Ben bahsettiğiniz gibi yönetim kurulunda yer alıyorum. Aynı zamanda İstanbul şubesinin mezun üyesiyim. Bu projeler kapsamında öğrencilerin kendilerini sadece akademik alanda değil, aynı zamanda sosyal yaşamlarında da geliştirebilmeleri için maddi ve manevi her türlü desteği sağlıyoruz. Gönüllülük esasına dayalı projeler, kültürel etkinlikler ve eğitim programları ile bu hedefler doğrultusunda adımlar atıyoruz.

“Daha Mutlu ve Dengeli Bireyler”

Bence şu an bütün dünya için ülkelerin kalkınması ve gelişmesindeki en önemli iki konu kadın ve eğitim. O yüzden bu derneğin iki odak noktasında da muhteşem işler oluyor. Peki, Türkiye’de üniversite okuyan yada mezun kadınların karşılaştığı en büyük zorluklar neler? Siz, dernek olarak bu konularda nasıl destek sağlıyorsunuz?

Revşan Sancar: Hem dernek bağlamında hem de taze bir üniversite mezunu olarak benim gözlemim; Türkiye’de üniversite okuyan yada mezunu olan kadınların karşılaştığı en büyük sıkıntılar arasında maddi zorluklar, barınma problemleri, toplumsal cinsiyet eşitsizliği ve iş dünyasına atıldığı zaman fırsat eşitsizliği yer alıyor.

Biz İstanbul şubesi olarak bursiyerlerimizin bu zorlukların üstesinden gelmelerine yardımcı olmayı çok önemsiyoruz. Zaten bizim bursiyerlerimiz çok başarılı ve potansiyel sahibi genç kadınlar…

Bahsettiğim gibi Türkiye’nin en seçkin üniversitelerinde okuyan, derece yapan, farklı üniversitelerde Hukuk, Mimarlık, Tıp gibi iyi bölümlerde öğrenim gören ve aynı zamanda Evin gibi sanata ilgi gösteren kadınlar…

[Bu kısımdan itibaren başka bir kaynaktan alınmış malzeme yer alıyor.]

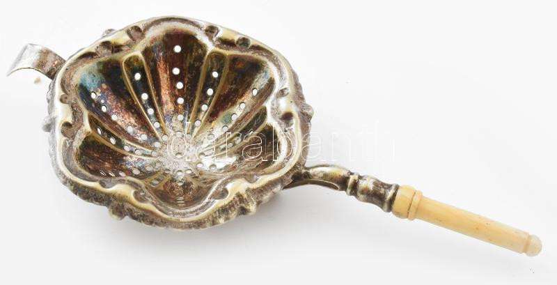 Antik teaszűrő csont nyéllel. Ezüstözött 16 cm https://www.darabanth.com/hu/457-Gyorsarveres/457.0/Mutargy-papirregiseg-egyeb/Mutargyak-antikvitas~500011/Antik-teaszuro-csont-nyellel-Ezustozott-16-cm~II3052903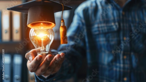 The symbolism of education and innovation depicted by a man holding a graduation cap on a light bulb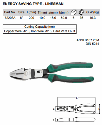 SATA 72203A ປະເພດການປະຫຍັດພະລັງງານ - PLIER LINESMAN 8 ນິ້ວ (ø2.6mm) | EMIN.COM.LA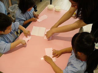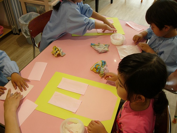「四角い折り紙の角と角を合わせて折る」という簡単なものですが、初めての子にとっては難しいことです。先生のやり方を見て、両手をそれぞれ別に動かし折っていくという様々な動きが入っています。長四角を二つ作り、中をのりで留めて、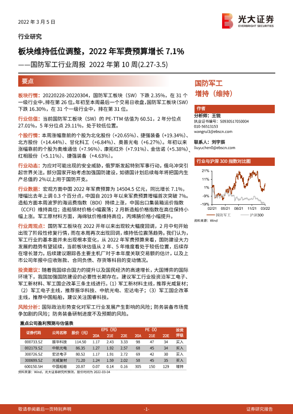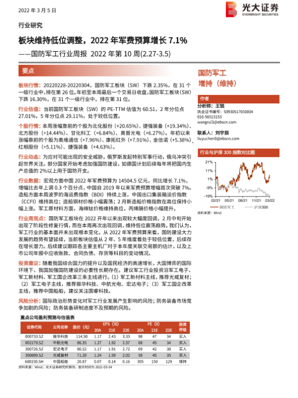 【光大证券】【20220305】国防军工行业周报2022年第10周:板块维持低位调整,2022年军费预算增长7.1%-9页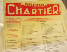 パリ日記も最終章となり、このページはタイトルどおりの断片あれこれです。貧乏旅行ゆえ、ランチにはもっぱらニュテラというチョコクリームのクレープとかケバブのサンドウィッチ(サンドウィッチグレックという)など、パリでは3歩あるけば見つかる屋台のファストフードラヴ、だったワタクシ。夜はもっぱら自炊だったのであまりレストランに入る機会はなかったのですが、オペラ座近くにあるレストラン「シャルティエ」にはランチタイムに2度ほどいきました。古い駅を思わせる年期の入った内装、気さくで親しみやすいギャルソン、おまけに前菜からデザートまでしっかり食べても10ユーロそこそこという安さ!この紙のメニューはこっそり1部持ち帰って、今ウチの冷蔵庫に貼ってあります。ときどき眺めては、エスカルゴも食べたかったな〜なんて。次に訪れる時にはメニューを見ずともオーダーできそうです(笑。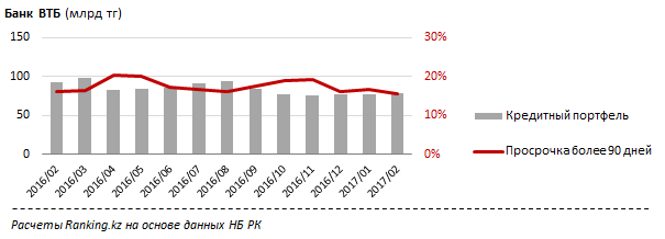 Ссудный портфель Банка ВТБ за год, к концу февраля, потерял 13,4 миллиарда тенге (14,6 процента) и составил 78,4 миллиарда. Доля просроченных кредитов свыше 90 дней составляет 15,5 процента, за последний год этот показатель достигал 20,2 процента.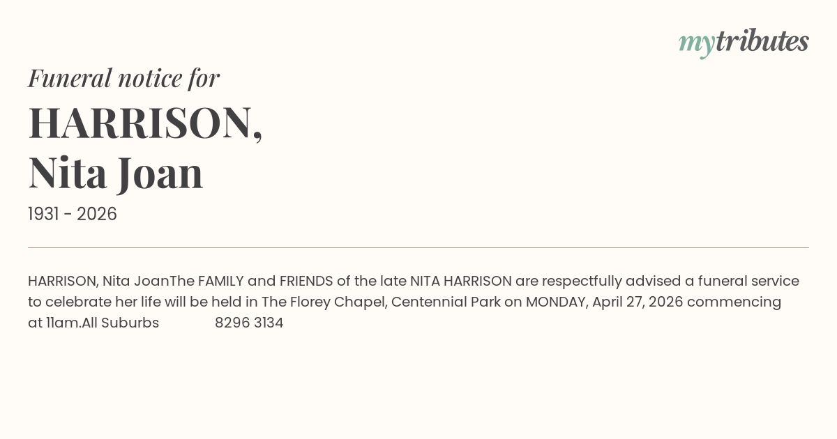 NITA HARRISON are respectfully advised a funeral service to celebrate her life will be held in The Florey Chapel, Centennial Park on MONDAY, April 27, 2026 commencing at 11am.

Bizim amacımız onlara sadece maddi destek sağlamak değil. Aynı zamanda onların daha mutlu ve dengeli bireyler olmasını sağlamaya çalışıyoruz. Eğitim hayatlarını sürdürmeleri için gerekli destekleri sağlarken, kişisel gelişimleri ve mutluluklarını da destekleyebilecekleri fırsatlar sunuyoruz. Bunlar mentorluk, kültürel etkinlikler, iş ve staj imkanları gibi pek çok alanda farklı desteklerden oluşuyor.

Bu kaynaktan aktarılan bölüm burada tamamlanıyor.